Overfitting and Parsimony
Overfitting a regression model is stuffing it with so many variables that have little contributional weight to help predict the dependent variable (Field, 2013; Vandekerckhove, Matzke, & Wagenmakers, 2014). Thus, to avoid the over-fitting problem, the use of parsimony is important in big data analytics. Parsimony is describing a dependent variable with the fewest independent variables as possible (Field, 2013; Huck, 2013; Smith, 2015). The best way to describe this is to use the “Keep It Simple Sweaty,” concept on the regression model. The concept of parsimony could be attributed to Occam’s Razor, which states “plurality out never be posited without necessity” (Duignan, 2015). Vandekerckhove et al. (2014) describe parsimony as a way of removing the noise from the signal to create better predictive regression models.
Overfitting in General Least Squares Model (GLM)
For multivariate regressions, a correlation matrix could be conducted on all the variables, to help with identifying parsimony, such that the software will try to maximize the correlation while minimizing the number of variables (Field, 2013). Smith (2015) stated that the proportion of variation should remain high between the variables and that the correlation between the separate independent variables should be as low as possible. If the correlation coefficient between the independent variables is high (0.8 or higher), then there is a chance that there are extraneous variables (Smith, 2015). Another technique to achieve parsimony is called the backward stepwise method, which is to run a regression model with all variables, and remove those variables that don’t contribute to the models significantly, or the model could start with one variable and add variables until it has maximized correlation and variance in a forward stepwise method (Field, 2013; Huck, 2015).
Unfortunately, there is still a problem of overfitting when conducting a backward stepwise method, forward stepwise method, or correlation matrix in multivariate linear models. That is because, computers tend to remove, add or consider variables systematically and mathematically, not based on human knowledge (Field, 2013; Huck, 2015). Thus, it is still important to have a human to evaluate the computational output for logic, consistency, and reliability. However, if the focus is to reduce overfitting, it should be noted that underfitting should also be avoided. Underfitting a regression model happens when the model leaves out key independent variables that can help predict the dependent variable from the model (Field, 2013).
Hierarchical regression methods
When the researcher builds a multivariate regression model, they build it in stages, as they tend to add known independent variables first, and add newer independent variables to avoid overfitting in a technique called hierarchical regression (Austin, Goel & van Walraven, 2001; Field, 2013; Huck 2013).
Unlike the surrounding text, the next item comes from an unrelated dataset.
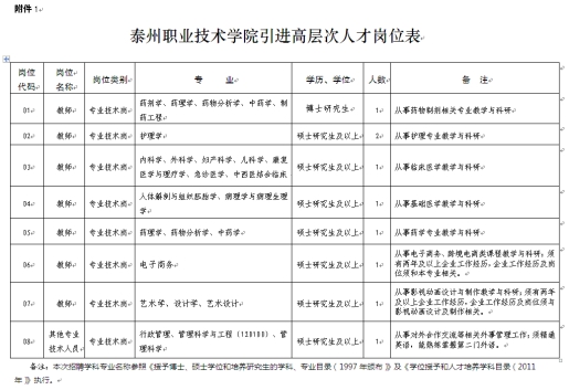 附件:1.泰州職業(yè)技術(shù)學(xué)院引進(jìn)高層次人才崗位表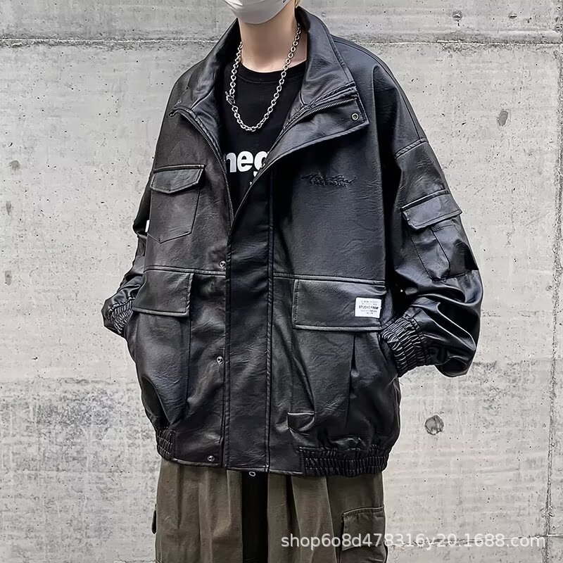 2024新型潮牌pu皮ジャケット皮衣革ジャケット爆帥機関車コート春秋新型男性

The new and unknown independent variables could be entered in through a stepwise algorithm as abovementioned, or another step could be created where suspected new variables that may have a high contribution to the predictability of the dependent variables are added next (Field, 2013). Hierarchical regression methods allow the researcher to analyze the differing hierarchical levels by examining not only the correlations between the levels but also the intercepts and slopes, helping drive valid statistical inferences (Austin et al., 2001).
Vandekerckhove et al. (2014) listed these three hierarchical methods for model selection; where each method is balancing between the goodness of fit and parsimony:
- Akaike’s Information Criterion (AIC) considers how much-observed data influences the belief of one model over the other, but is unreliable with huge amounts of data
- Bayesian Information Criterion (BIC) considers how much-observed data influences the belief of one model over the other and can handle huge amounts of data, but is known to underfit
- Minimum Description Length (MDL) considers how much a model can compress the observed data, through identifying regularity within the data values
Vandekerckhove et al, (2014), also stated that the model with the lowest AIC and/or BIC score would be the best to choose.
In conclusion, under parsimony, if adding another variable does not improve the regression formula, then should not be added into the assessment to avoid overfitting (Field, 2013). General Least Squares Models have issues in overfitting because computers systematically and mathematically conduct their analysis and lack the human knowledge to keep removing unneeded variables from the equation. Hierarchical regression methods can help minimize overfitting through indirect calculation of a parsimony value (Vandekerckhove et al., 2014).
- Austin, P. C., Goel, V., & van Walraven, C. (2001). An introduction to multilevel regression models. Canadian Journal of Public Health, 92(2), 150.
- Duignan, B. (2015). Occam’s razor. Encyclopaedia Britannica. Retrieved from https://www.britannica.com/topic/Occams-razor
- Field, Andy. (2013). Discovering Statistics Using IBM SPSS Statistics, 4th Edition. [VitalSource Bookshelf Online].
- Huck, S. W. (2013) Reading Statistics and Research (6th ed.). Pearson Learning Solutions. [VitalSource Bookshelf Online].
- Smith, M. (2015). Statistical analysis handbook. Retrieved from http://www.statsref.com/HTML/index.html?introduction.html
- Vandekerckhove, J., Matzke, D., & Wagenmakers, E. J. (2014). Model comparison and the principle of parsimony.